Michaela Peck

Personal information
- Born: 21 April 1994 (age 30) Brisbane, Queensland, Australia
- Height: 160 cm (5 ft 3 in)
- Weight: 67 kg (10 st 8 lb)

Playing information
- Position: Hooker
Club
| Years | Team | Pld | T | G | FG | P |
| 2020– | New Zealand Warriors | 2 | 0 | 0 | 0 | 0 |
Representative
| Years | Team | Pld | T | G | FG | P |
| 2018–19 | Prime Minister's XIII | 2 | 1 | 0 | 0 | 4 |
- Source: RLP As of 19 February 2021

= Michaela Peck =

Australian rugby league footballer, born 1994

Michaela Peck (born 21 April 1994) is an Australian rugby league footballer who plays as a for the New Zealand Warriors in the NRL Women's Premiership and the Valkyries in the QRL Women's Premiership.

==Background==
Peck was born in Brisbane, Queensland and played her junior rugby league for the Stanley River Wolves.

==Playing career==
In 2014, Peck played for the Beerwah Bulldogs in the Brisbane and District Women's Rugby League Division 1, playing in their Grand Final loss to the Souths Logan Magpies.
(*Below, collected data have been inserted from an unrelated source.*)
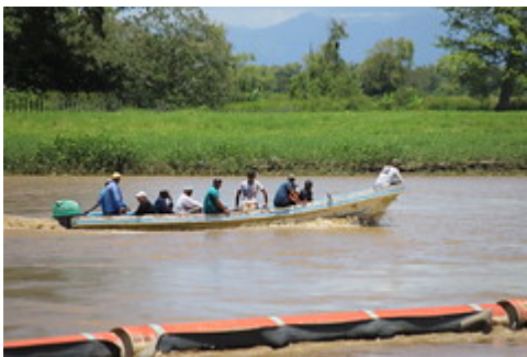
1 Motagua by Ministerio de Ambiente y Recursos Naturales uploaded on 20 Aug 2021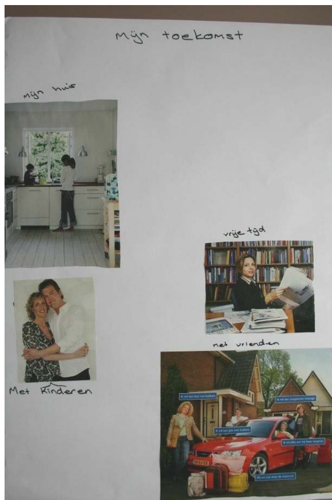
Toekomstbeelden uit groepsgesprekken

'In Nederland ben je bijna gedwongen om schulden te hebben; door ons systeem van studiebeurzen, hypotheek, auto's op afbetaling. Sparen wordt niet beloond; over je spaargeld betaal je belasting; een extra stimulans om je leningen (hypotheek bv. hoger te maken).'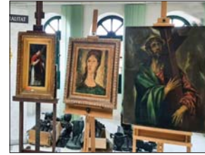
● لوحات مقلدة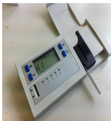
Fotografía 6. Medidor de nitratos por reflectometría.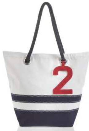
Sac Sam Striped Disponible en Dacron ® base acrylique Prix : 179 euros

Accessoires de sac en cuir. Design : Roger/ Beyou créateurs Prix : 35 euros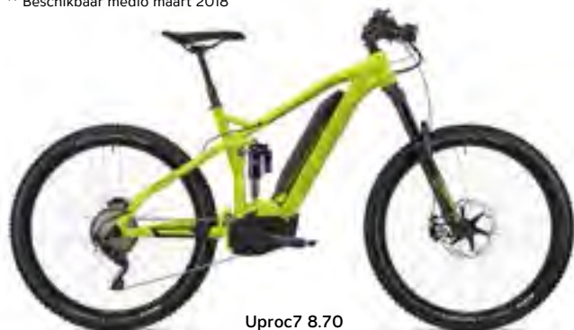
Uproc7 8.70 limegroen/naaldgroen/olijfgroen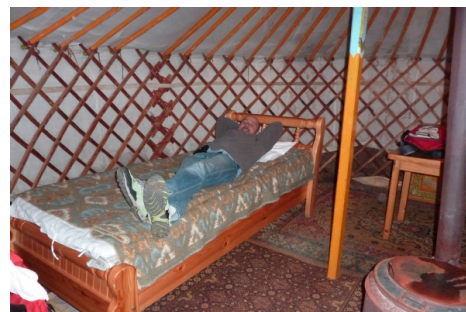
Interior de un Ger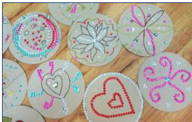
Mandaly – tvoření ve ŠD

Hravé odpoledne s centrem Cassiopeia – pokračování „Ptačího odpoledne“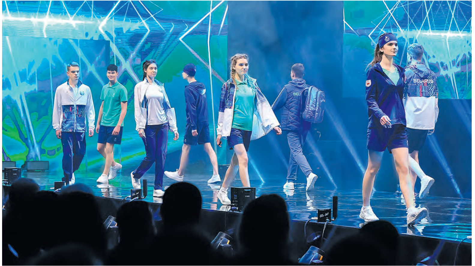
Для Олимпиады-2022 в Пекине форму сборной Беларуси придумали и сшили в Пинске.

ленные идеи в жизнь, а уже из готовых изделий отобрали экипировку, в которой спортсмены будут участвовать в высоких стартах. Победили пинчане.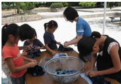
昨年のナイトミュージアム(お話し会)と藍染めTシャツ作り

暑くなって来ました。気温の上昇とともに、資料館もだんだんソワソワしてきます。いよいよイベント目白押しの夏休みがやってきます。「募集しまーす！」のページをごらんいただくと分かるように、夏休み期間中、何もやっていない日がないほどイベントが連続します。加えて「お化けの夏休み」というお化け屋敷も開催します。忙しくて大変なのですが、反面、いろんなことが出来るチャンスでもあります。これまで資料館に来られたことのない方もぜひ覗いてみてください。(郷土資料館 大室)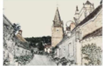
3 - L'église Saint-Pierre-de-Lanis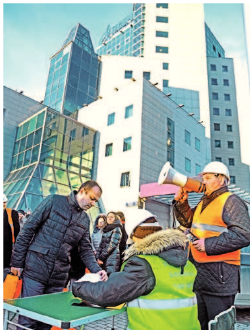
В ходе тренировки по экстренной эвакуации. Центральный офис ООО «Газпром центрремонт»

Среди ключевых задач специального отдела Общества — разработка тактических методик и планов действий при возникновении любого вида чрезвычайных ситуаций (пожар, теракт, техногенная катастрофа и ряд других) и максимальное предупреждение последних, контроль соблюдения норм безопасности, подготовка сотрудников к нештатным ситуациям, а также защита материальных ценностей предприятия. Однако главная ценность, которую призван защищать коллектив специального отдела, — жизни работников, которые могут быть потенциально подвержены опасности из-за несоблюдения установленных норм и правил.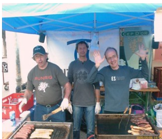
2009, Grillstand Lëtzebuurger Produkter Miedernach

In den letzten Jahren nahm Radio R.O.M. immer wieder an der Ausstellung für luxemburgische Produkte teil.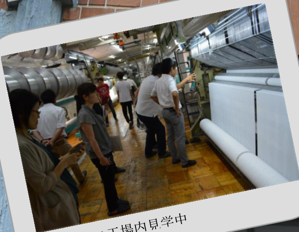
黒沢レース工場内見学中

明治維新の直前 群馬で作られた生糸は世界でも高水準の出来栄でした。地方から多くの女性が富岡製糸場で技術を学び、郷へ伝承していきました。

In 2018, Peck joined the Cronulla-Sutherland Sharks in the NSWRL Women's Premiership. In June 2018, while in the Royal Australian Navy, she represented the Australian Defence Force at the Women's National Championships. On 6 October 2018, she played for the Prime Minister's XIII in their win over Papua New Guinea.

In 2019, Peck joined for the Wests Panthers, and later that year, played in the Gold Coast Titans Women's Invitational. On 11 October 2019, she again represented the Prime Minister's XIII, scoring a try in their win over Fiji.

In September 2020, Peck joined the New Zealand Warriors NRL Women's Premiership team. In Round 2 of the 2020 NRLW season, she made her debut for the Roosters in their 22–12 loss to the Sydney Roosters. At the end of the season, she won the Warriors' Club Person of the Year award.

In 2021, Peck played for the Valkyries in the QRL Women's Premiership, captaining the side.